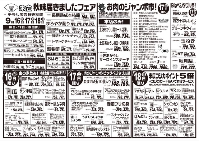 9月16日から9月18日のチラシは「秋味届きましたフェア。塩サンマ215円」
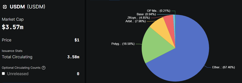 De uitrol van USDM is momenteel geconcentreerd op Ethereum (67,46%), Polygon (18,58%) en Arbitrum (7,96%). USDM heeft ook een beperkte multichain-aanwezigheid vergeleken met de brede reikwijdte van USDC.
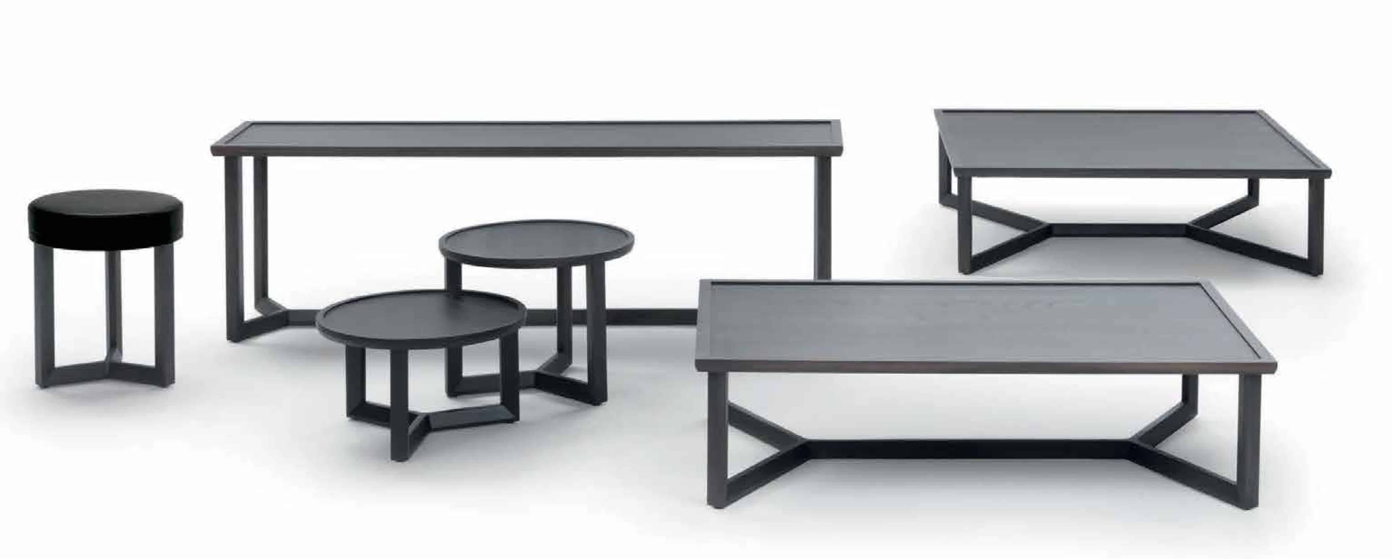 Infine una serie di tavolini, Jo Jo: modelli di differenti dimensioni e diverse forme, tavolini quadrati, rettangolari o tondi, in legno massello di frassino inoltre disponibili anche con i top in marmo.
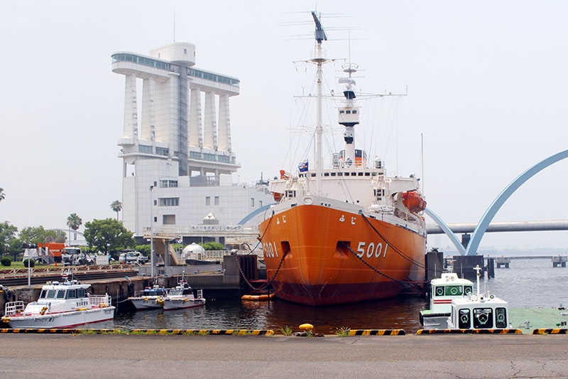 オレンジ色の巨大な船は「南極観測船ふじ」だ。
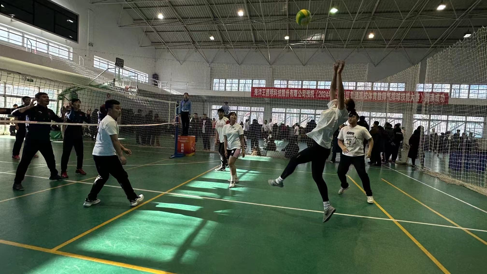 本次比赛采用5人制赛制,3男2女混合参赛。在为期两天的激烈角逐中,太阳成体育部教师始终保持着高昂的斗志和坚定的信心,在比赛中展现出了较高的竞技水平和良好的精神风貌。队员们精准的传球与扣杀、出色的防守与反击,赢得了现场观众的阵阵掌声和欢呼。

——————————

Work instruction:
All entries above are to be set down word for word, and the pictures are to be left out.

Problem solution:
 9月16日から9月18日のチラシは「秋味届きましたフェア。塩サンマ215円」
 De uitrol van USDM is momenteel geconcentreerd op Ethereum (67,46%), Polygon (18,58%) en Arbitrum (7,96%). USDM heeft ook een beperkte multichain-aanwezigheid vergeleken met de brede reikwijdte van USDC.
 Infine una serie di tavolini, Jo Jo: modelli di differenti dimensioni e diverse forme, tavolini quadrati, rettangolari o tondi, in legno massello di frassino inoltre disponibili anche con i top in marmo.
 オレンジ色の巨大な船は「南極観測船ふじ」だ。
 本次比赛采用5人制赛制,3男2女混合参赛。在为期两天的激烈角逐中,太阳成体育部教师始终保持着高昂的斗志和坚定的信心,在比赛中展现出了较高的竞技水平和良好的精神风貌。队员们精准的传球与扣杀、出色的防守与反击,赢得了现场观众的阵阵掌声和欢呼。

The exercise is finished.